Thursday, June 10, 2010

Rheims and Art Deco

Eighty percent of Rheims was destroyed in the First World War, the worst loss of any of France's big cities. From this loss grew, at an incredible pace, a flowering of construction in 20th-Century styles, especially Art Deco. Reflecting the great destruction, 6,500 building permits were issued in Rheims between 1920 and 1930. The city held a competition among architects to plan its rebuilding. An American, G. B. Ford won. His plan led to opening up of public spaces, adding new public buildings, zoning for industry, and creating garden-city areas.

While Ford's plan specified some restrictions on building styles (e.g., no imitation Gothic buildings behind the cathedral), most of the city was open to architectural freedom and innovation. The 400 or so architects who designed Rheims's new buildings worked in a range of styles, from the Hausmann style of 19th-Century Paris to the "ocean-liner" style of large, moderne buildings. The style most often built, though, was Art Deco. The city's destruction and reconstruction turned Rheims into, effectively, the capital of Art Deco architecture. The Web site "Reims Ville Art Deco" provides comprehensive coverage.

Thanks to audioguides provided by the Rheims Tourist Office, Susie and I were able to take an Art-Deco walk through the city. Here are a few of the great Art-Deco buildings to which the tour took us.

This apartment building provided just about the purest representation of the Art Deco style of all the buildings we saw.

The ultra-modern addition to this Renaissance-style house was the project of the son of the house's owners.

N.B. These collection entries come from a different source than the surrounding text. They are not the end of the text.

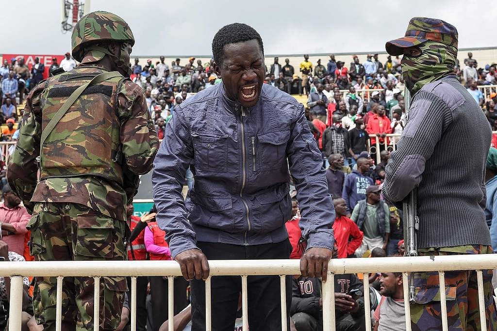 Thousands of mourners, eager to pay their respects, were directed to a single gate opening onto the tartan track, flanked by armed soldiers. The military acted as a barrier, guiding the mourners towards the tent where Odinga’s body lay.
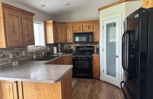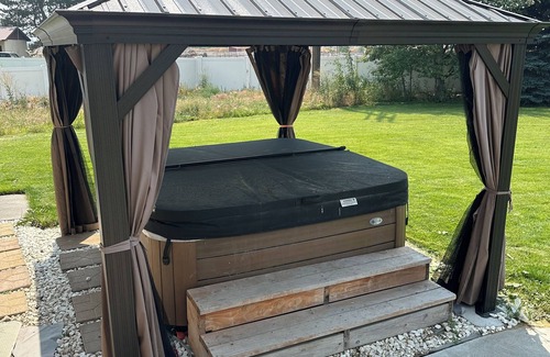 Nestled in Idaho Falls, this delightful house offers a tremendous stay for people wanting a safe, simple, peaceful, and quiet place for an adventure in and around Idaho Falls. With 5 bedrooms, 3 bathrooms, and a fitness equipment, this wonderful property provides all the comforts of home. Enjoy amenities like a hot tub, WiFi, 80" TV, and a washer/dryer during your stay. The home is next to a peaceful playground for the kids, and a basketball and pickleball court - truly a dream home for active people. We're happy to assist with any questions while you stay at our house.
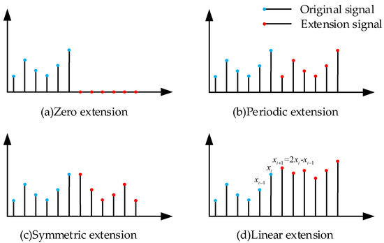 - Periodic extension. As shown in Figure 3b, this method is not applicable when the data changes sharply, which is easy to cause boundary discontinuity.
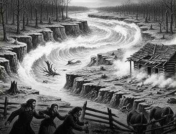 Pe fluviul Mississippi, s-a întâmplat ceva incredibil. John Bradbury, un naturalist scoțian care călătorea cu barca, a fost sculat de puterea cutremurăturii. Când s-a ridicat, a privit cu groază cum fluviul s-a oprit, apoi s-a inversat. Mississippi a început să curgă înapoi. Bărcile erau trase în amonte, navele se ciocneau, iar malurile râurilor se prăbușeau în apele agitate. Insulele dispăreau, iar altele noi se ridicau din adâncuri pe măsură ce fluviul se sfâșia sub undele generate nu de vânt, ci de mișcările pământului de dedesubt.
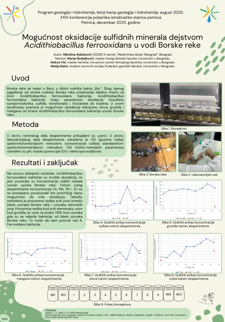 Uzeto je 12 litara vode iz Borske reke koja je Uzorkovana je voda iz Borske reke koja je kontaminirana od strane rudnika bakra Bor. Unutar navedene reke nalaze se Acidithiobacillus ferrooxidans bakterije. Ova aerobna bakterija, izolovana iz Borskog rudnika, sposobna je da oksiduje gvožđe(II) i jedinjenja sumpora do kiselina, što predstavlja ozbiljan ekološki problem usled zagađenja Borske reke. Uzorkovana voda je spojena u kompozitni uzorak i raspoređena u 13 bioreaktora sa dodatkom rude cinka i olova, uz kontrolne grupe. Dodavanjem azotne kiseline, pH je podešen na oko 2, a u bioreaktore je dodat čist soj Acidithiobacillus ferrooxidans bakterija. Proces je praćen uzorkovanjem tri puta na dan. Gustina ćelija (OD) je merena spektrofotometrijski, dok su koncentracije gvožđa, olova, mangana, cinka, sulfata, kao i pH, Eh određivani standardnim metodama radi procene napretka biooksidacije. Istraživanje je imalo za cilj da pokaže mogućnost oksidacije sulfidnih minerala dejstvom Acidithiobacillus ferrooxidans bakterija i brzinu te oksidacije u uslovima rudničke vode. Ustanovljeno je slabije, ali postojano vršenje oksidacije od strane Acidithiobacillus ferrooxidans bakterija.
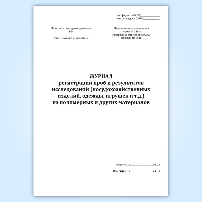 Журнал регистрации проб и результатов исследований (посудохозяйственных изделий, одежды, игрушек и т.д.) из полимерных и других материалов (форма № 338-у) в Сургуте купить
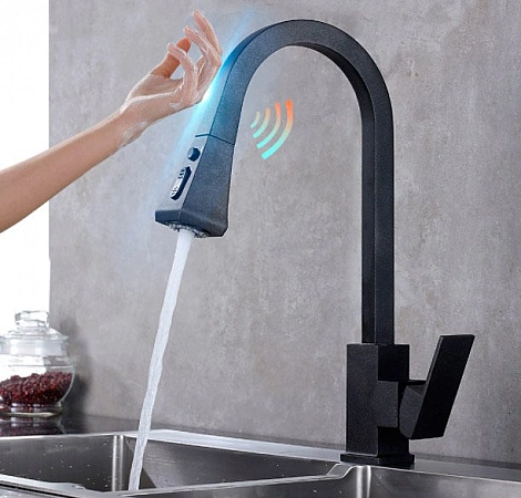 O caracteristică a acestui mixer este prezența senzorilor responsabili cu deschiderea robinetului. Ele reacționează la mișcare, reducând astfel la minimum consumul de apă. Construcția este puternică și fiabilă, cu cel mai bun aspect. Producătorul folosește cartușe de înaltă calitate din propria sa producție. Un plus util este o cutie de udat retractabilă, care poate fi folosită pentru a spăla vase mari. Duza este ascunsă în interiorul robinetului și este atașată la un furtun, a cărui lungime este de până la 80 cm. Există două moduri de funcționare - un duș și un jet de apă. Este prevăzută o pârghie pentru reglarea temperaturii. Bateriile de acest tip sunt cele mai sigure, pentru că cu ele poți uita de gândul obsesiv: „Am închis apa când am plecat de acasă?”.
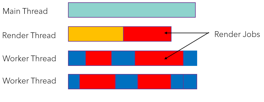 Each render list is handled by one or more jobs, depending on the number of draw calls.
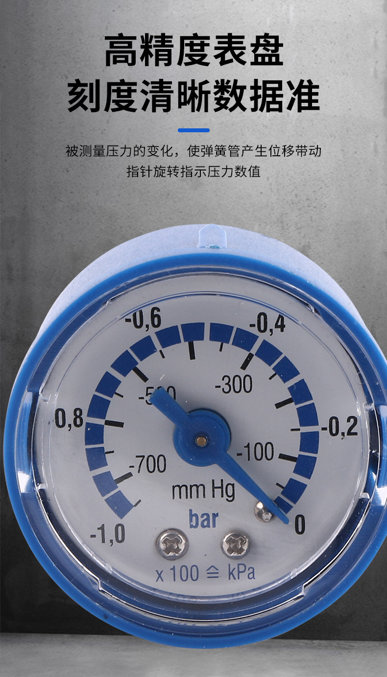 - Key Specs & Performance: This 40mm axial pressure gauge displays readings in mmHg, bar, and kPa (x100), with a measurement range of -700mmHg to 0 and -1bar to 0, offering precise vacuum measurement.
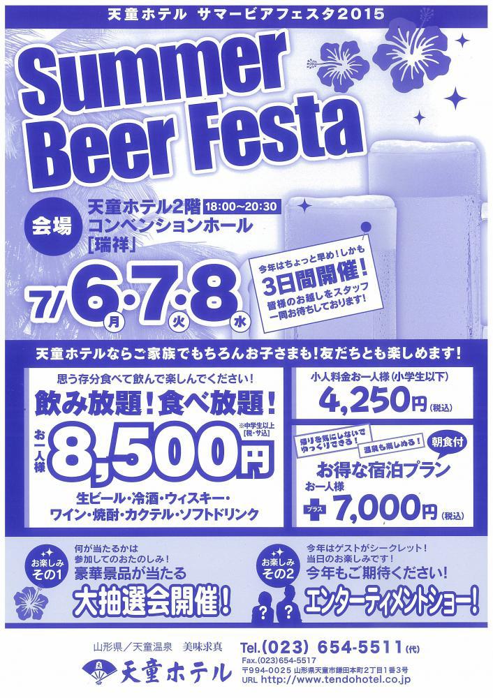 毎年恒例の夏イベント、今年は7月6・7・8日の3日間開催!賑やかな夜を美味しいビールと美味しい料理で楽しみましょう!今年はどんなゲストが盛り上げてくれるのか・・・当日までシークレット♪どうぞお楽しみに*^^*そして、終盤には豪華景品が当たる大抽選会もございます!ぜひご参加ください! チケットのお求めは、お電話または当館スタッフまで♪◆詳細◆日時:2015年7月6日、7日、8日 18:00〜20:30場所:天童ホテル2階コンベンションホール「瑞祥」料理:和洋中豪華バイキング飲物:飲み放題(生ビール、冷酒、ウィスキー、ワイン、焼酎、カクテル、ソフトドリンク)料金:大人8,500円(税込)、小学生以下4,250円(税込)宿泊も歓迎!一泊朝食付7,000円(税込)▼お問い合わせ・チケット購入天童ホテル TEL 023-654-55111 美味求真の宿 天童ホテル 公式HPhttp://www.tendohotel.co.jp/
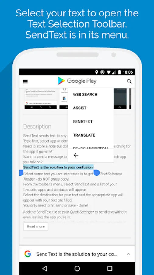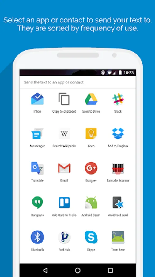 With SendText you can share text from any app directly to your favourite apps or frequent contacts in a single tap. Copy / paste not required!
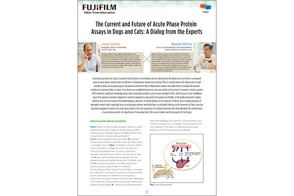 Acute phase proteins are liver-released proteins that fluctuate in blood serum concentration during an acute phase reaction to infection or inflammation. Clinicians need accurate inflammation markers to assess the condition of small animals. In Japan, CRP measurement is a routine in-house test, but knowledge of other acute phase proteins like serum amyloid A (SAA) and user-friendliness of tests are lacking, making diagnostics less advanced. This article features a dialog between Dr. José Cerón and Dr. Koichi Ohno, who are both known for their studies on acute phase proteins. They discuss the acute phase proteins characteristics, measurement significance, challenges, and future prospects.
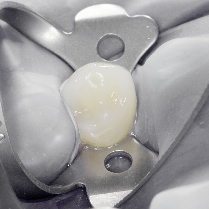 Der betroffene Zahn wird mit einem Gummituch (Kofferdam) isoliert, damit keine zusätzlichen Bakterien durch den Speichel in den Zahn eindringen können und Sie die feinen Instrumente oder die Desinfektionslösung nicht verschlucken können.
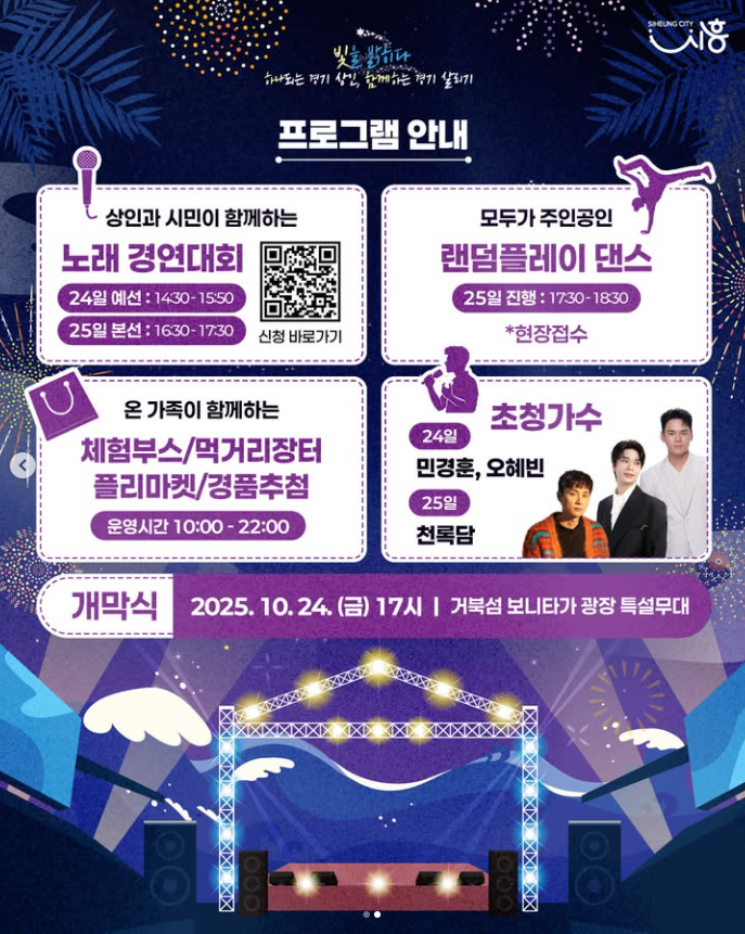 행사 첫날인 10월 24일(금)에는 경기도 상인동아리 공연을 시작으로 상인과 주민이 함께하는 노래자랑 예선, 전통시장 활성화 유공자 표창, 테이프 커팅식 등 개회식이 진행됩니다. 이어 초대 가수 민경훈, 오혜빈의 축하공연과 뮤지컬 공연, 거리 공연(버스킹) 무대가 꾸며집니다.
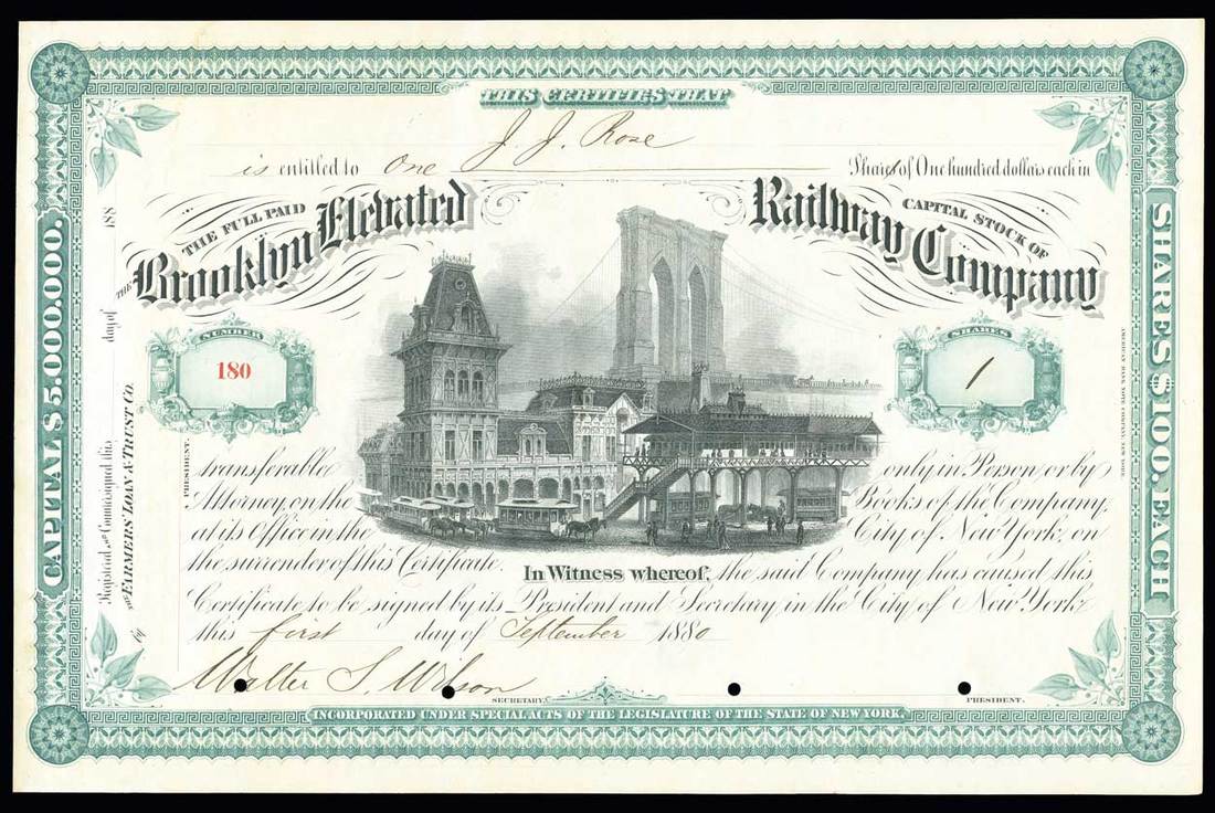 Brooklyn Elevated Railway Company (New York) 1880. One share. Partially prepared, cancelled. No.180. Incredibly detailed view of the elevated railway, ferry terminal, and the Brooklyn Bridge. ABNCO. The line ran from Fulton Ferry to Schenck Ave; Fulton Street to Grand Avenue and Broadway Ferry to Lexington Avenue. EF.
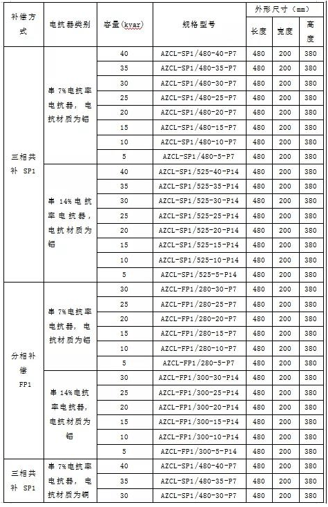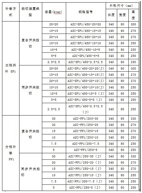 AZC系列智能电容器选型:
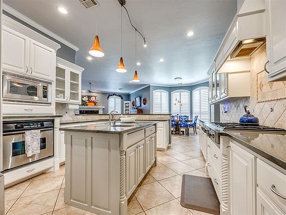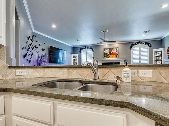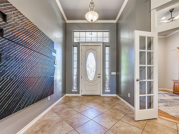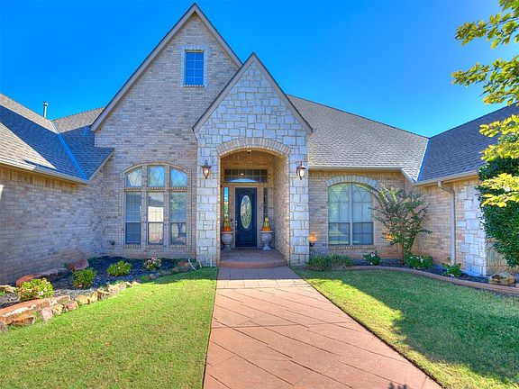 Welcome to this stunning one-level home in Edmond’s sought-after ThornBrooke Addition of Edmond, offering 4 bedrooms, 3.5 baths, 2 dining, 2 offices, bonus room, theatre room and a spacious three-car garage on .38 acre lot. Designed for both comfort and entertaining. The gourmet kitchen is a chef’s dream, showcasing granite countertops, a large island with prep sink and pendant lighting, breakfast bar, newly painted custom cabinetry with brushed nickel hardware, modern lighting, and high-end stainless steel appliances including a six-burner Jenn-Air gas cooktop, built-in oven, microwave, and dishwasher. The open layout is highlighted by soaring ceilings, double crown molding, plantation shutters, new paint, and elegant under-cabinet lighting. The luxurious master suite offers a generous sitting area, spa-like bath with jetted tub, double vanities, a tiled shower, and a 12’ x 10’ walk-in closet with custom built-in drawers. Three additional bedrooms are thoughtfully arranged on the opposite side of the home—one with an adjacent bath and two connected by a Jack & Jill. Every bedroom features a ceiling fan, adding to the comfort of the nine fans throughout the home. Outside, enjoy a private fenced backyard in a highly regarded Edmond school district. With its blend of style, function, and thoughtful details, this home is truly move-in ready. Easy commute to I-35 and Turnpike, Mercy Edmond, eateries and shopping.
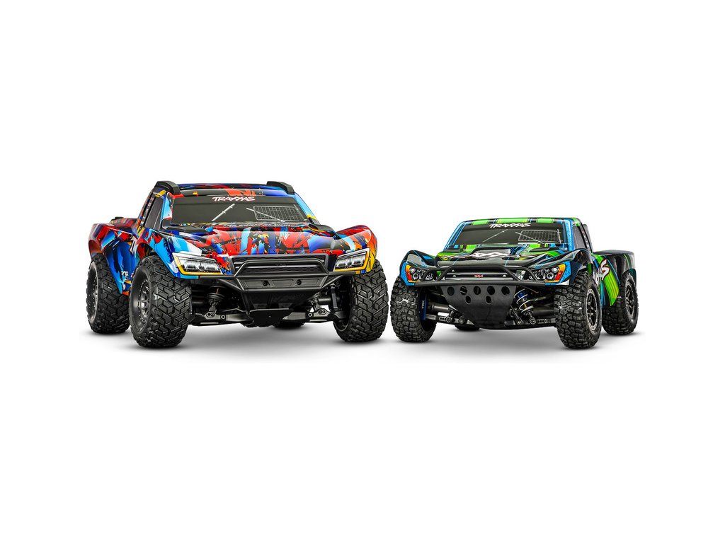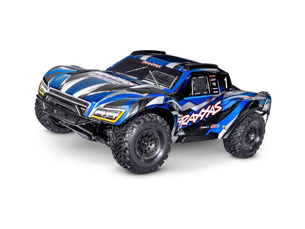 Výkonný RC model Traxxas Maxx Slash zvětšený na měřítko 1:8, postavený na robustním šasi Maxx s výkonným střídavým pohonem 6S. Model poskytuje brutální akceleraci, odolnost a rychlost až 112 km/h. Obsahuje vylepšené pohonné ústrojí, bezsponkovou karoserii a RC soupravu TQi.
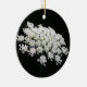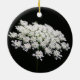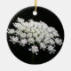 Este ornamet caracteriza a flor branca delicada da cenoura selvagem, (carota do Daucus), chamada geralmente laço de Rainha Anne em um fundo preto. O laço da rainha Anne simboliza um abrigo ou um santuário. Deixe a natureza decorar seus árvore ou presentes de época natalícia! Os ornamento igualmente fazem grandes trações do fã ou da lâmpada. Pode adicionar um toque original às partes traseiras do laço da cortina, ou mesmo usam-se como decorações da parede.
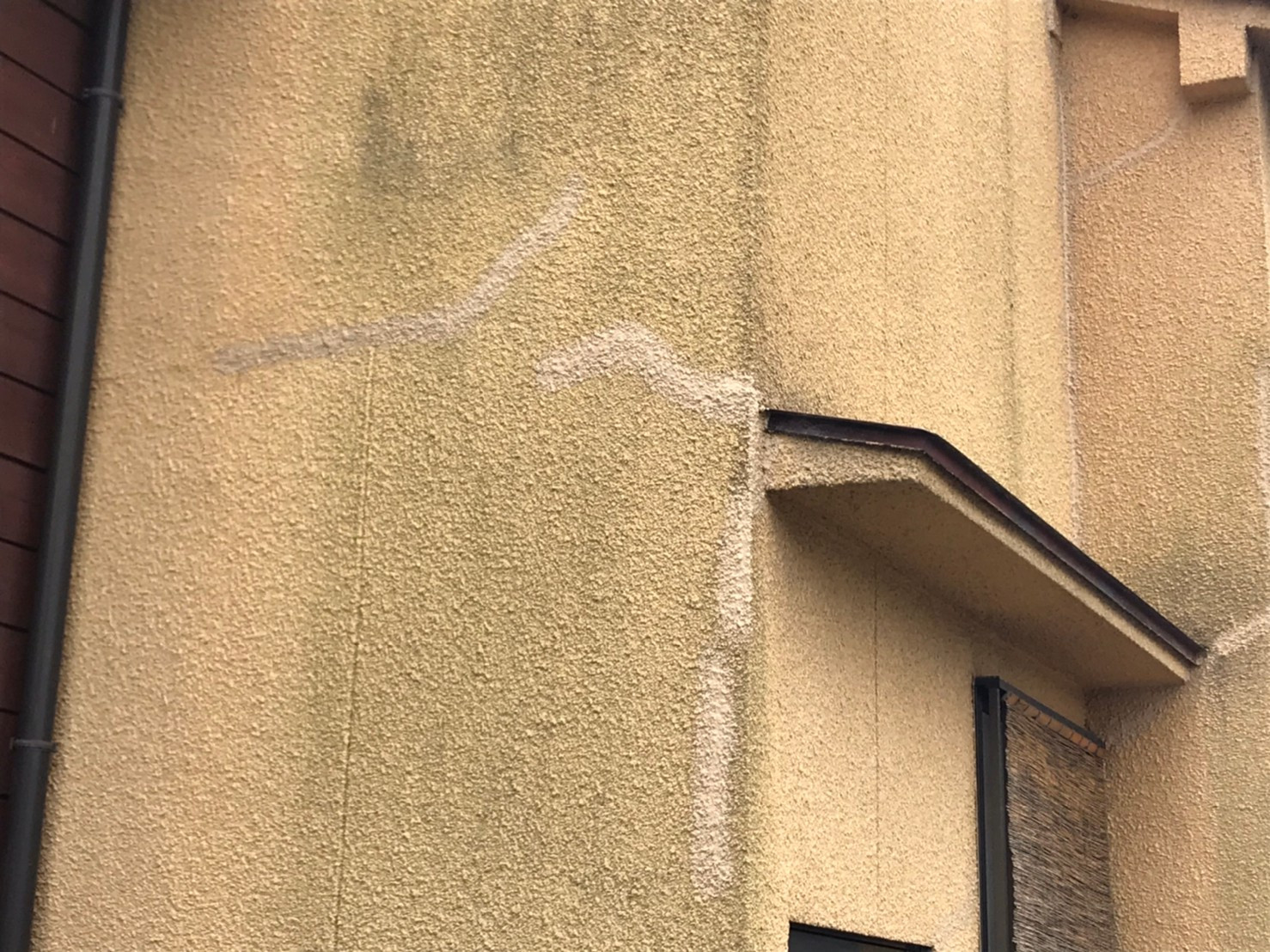 紫外線などによる経年劣化で、外壁にひび割れや、苔が繁殖し
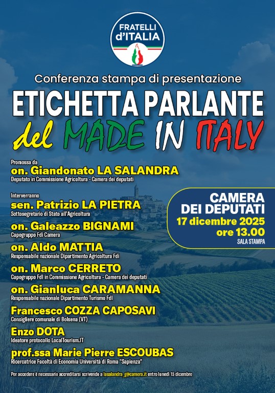 Portare i territori al centro delle politiche nazionali, partendo dalle eccellenze locali. È questo il senso politico e culturale della conferenza stampa di presentazione dell’“Etichetta Parlante del Made in Italy”, in programma mercoledì 17 dicembre presso la Sala Stampa della Camera dei deputati, su iniziativa del deputato foggiano Giandonato La Salandra.
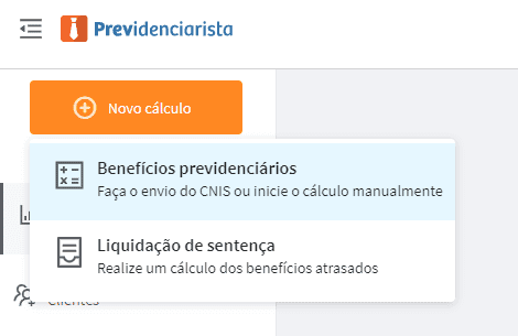 Então para iniciar você vai em “Novo cálculo” e depois em “Benefícios previdenciários”.

The designer of this larger residential building managed to include references to Renaissance architecture, such as the oriel windows and the loggia, within a clearly Art-Deco style.







This smaller building, in the heart of the center of Rheims, includes a variety of Art-Deco features, such as abstract floral motifs, assymetry, a pergola, and simplified iron work.






Here's a view of a former bookstore, with its wonderful curves, lettering, and friezes.

On the eclectic side, this building is a garage for a residence on the street behind it.

For last, I've saved two of the most direct but opposite expressions of Art Deco. The first is the post office, which is modernist and built in concrete, but with lines and curves that make this building a sort of pure expression of Art-Deco principles.

The second is the facade of the Opera Cinema, a (former) movie palace. With its curves, friezes, ornements, gilding, and stained glass, this is about as far as you can get from the minimalist expression of the post office.